Figure 16.12indicates that as the plot size increases, coefficients of variation decreases and this decrease is maximum with the square shape plot of 5m×5m. As we took a small data set for illustrative purpose, it is clearly seen that 5m×5m plot has the lowest CV value and also lowest variance per basic unit area.

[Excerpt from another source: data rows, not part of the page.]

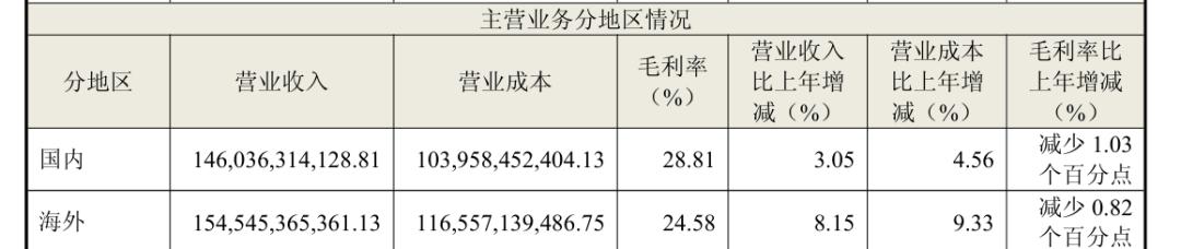 财报中海外收入截图
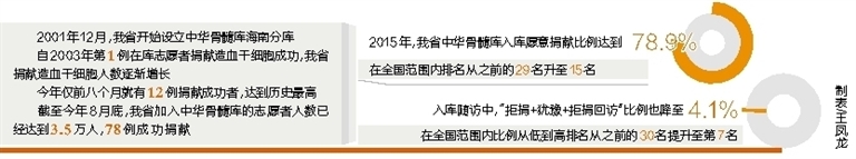 2015年,我省中华骨髓库入库愿意捐献比例达到78.9%,在全国范围内排名从之前的29名升至15名,而入库随访中,“拒捐+犹豫+拒捐回访”比例也降至4.1%,在全国范围内比例从低到高排名也从之前的30名提升至第7名。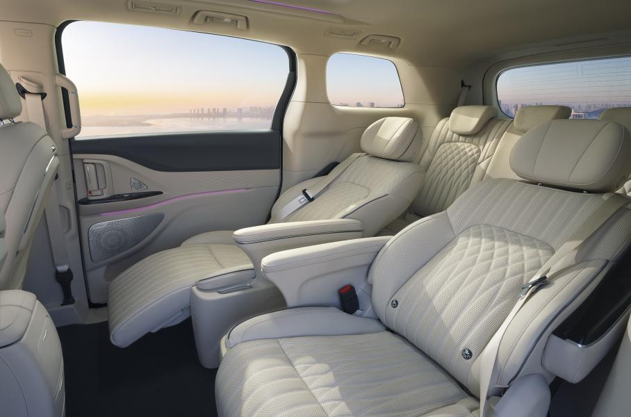 У минивэна независимая передняя подвеска на двойных поперечных рычагах и пятирычажка сзади. Набор оснащения богатый: кресла с вентиляцией, подогревом и массажем, панорамная крыша, трехзонный климат-контроль, светодиодные фары проекционного типа, система ночного видения, аудиосистема Dynaudio с 10 динамиками, а также ионизатор воздуха, аромадиффузор и более 20 электронных ассистентов.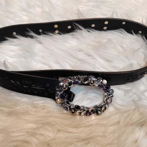 - viisi reikää, joissa kulumaa, kuva toiselta puolelta, vyötä voi kahdella eri tavalla, toisella puolella kangas
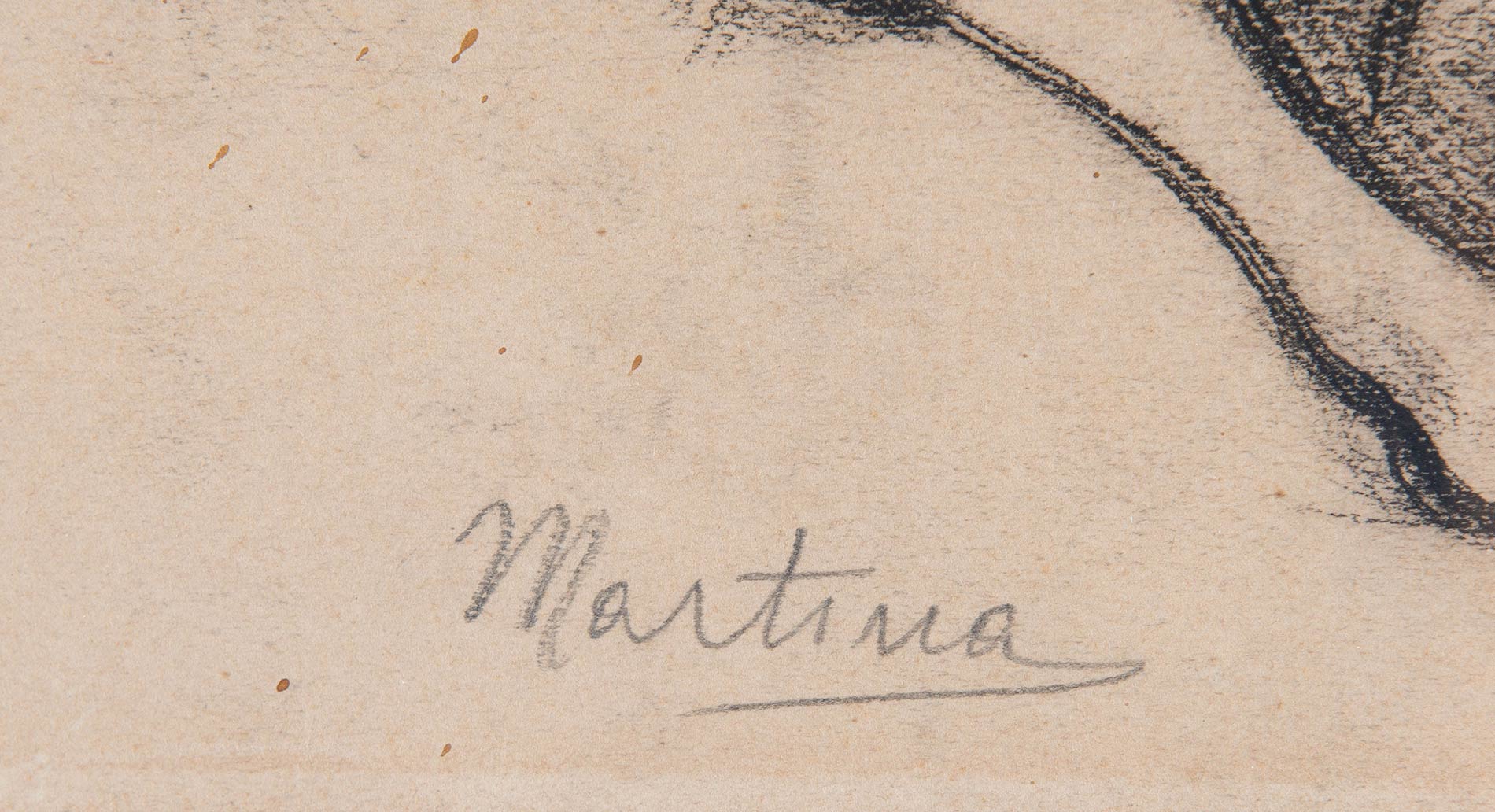 Umberto Martina (Dardago 1880 - Tauriano 1945), “Nudo maschile”. Matita su carta, firmato in basso al centro Martina, H cm 22x19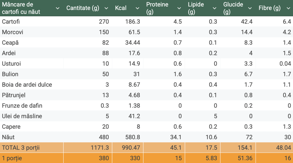 | Năut | 2 conserve (cantitatea netă – 480 g) |
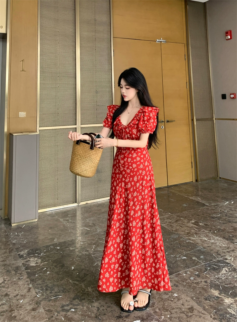 فستان نسائي مقاس كبير صيفي أحمر فرنسي مقاس MM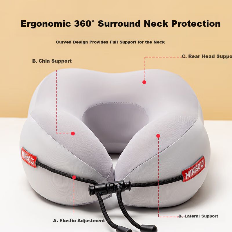 MINISO Almohada Memory Foam en Forma de U para Cuello, Portátil para Viaje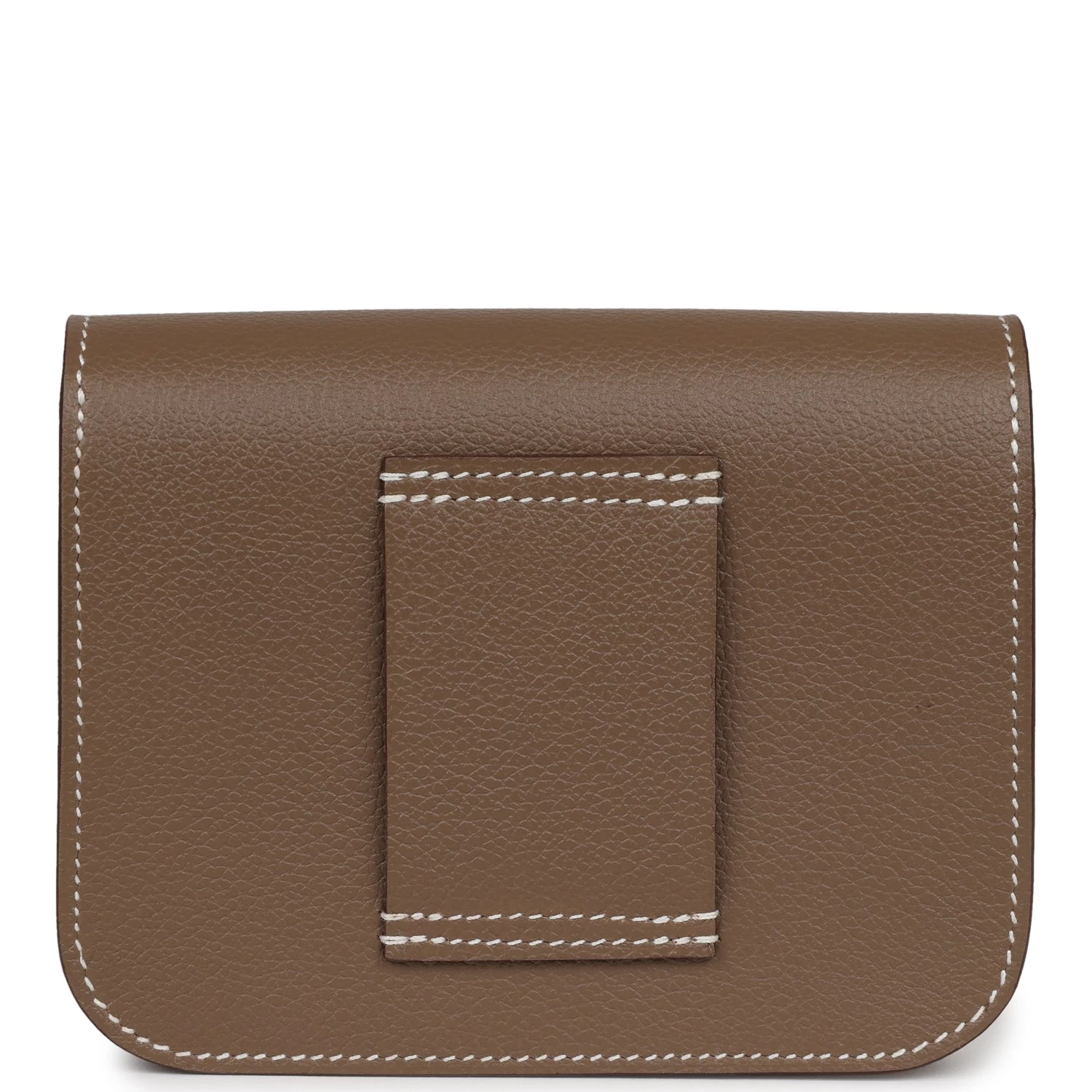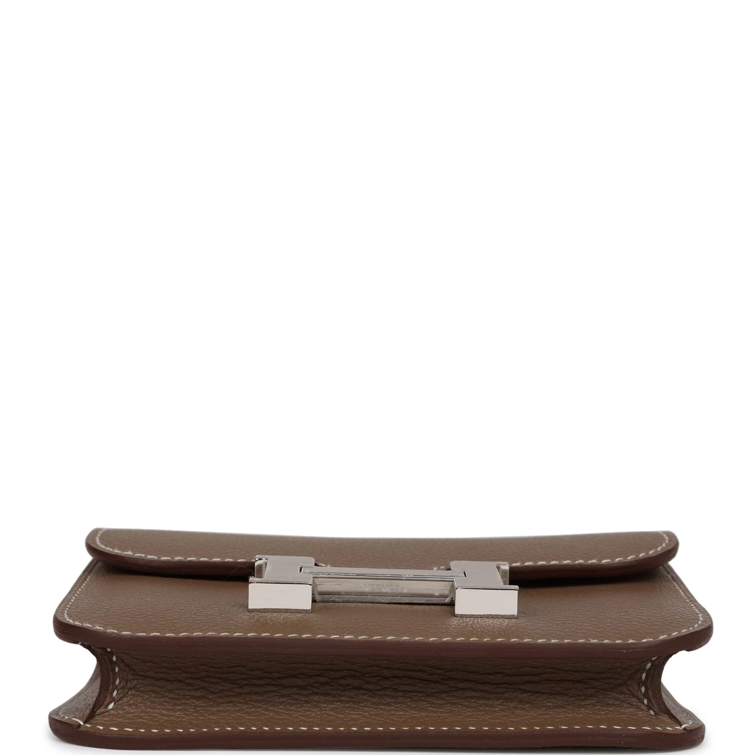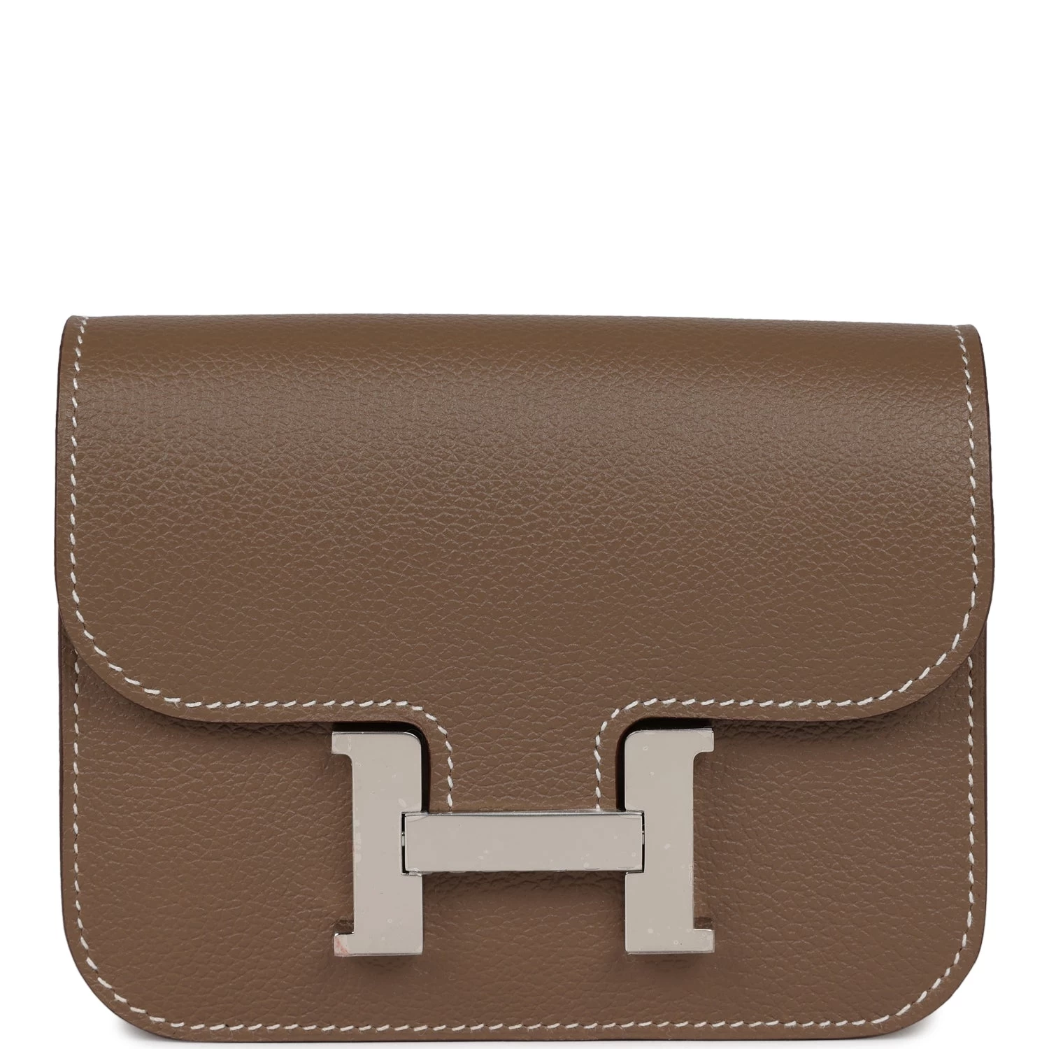This Constance Slim Wallet is in Etoupe Evercolor leather with palladium hardware and has contrast stitching, rear belt loop, front flap and removable coin pouch.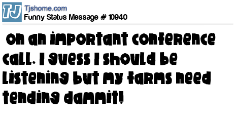 X is on an important conference call. I guess I should be listening but my farms need tending dammit!

Relationship between variance per basic unit area and plot size

Figure 16.13: Relationship between variance per basic unit area and plot size

Figure 16.13 shows the relationship between variance per basic unit area Vx and plot size (x)

 
 
 

“The business of the statistician is to catalyze the scientific learning process” :- George Box.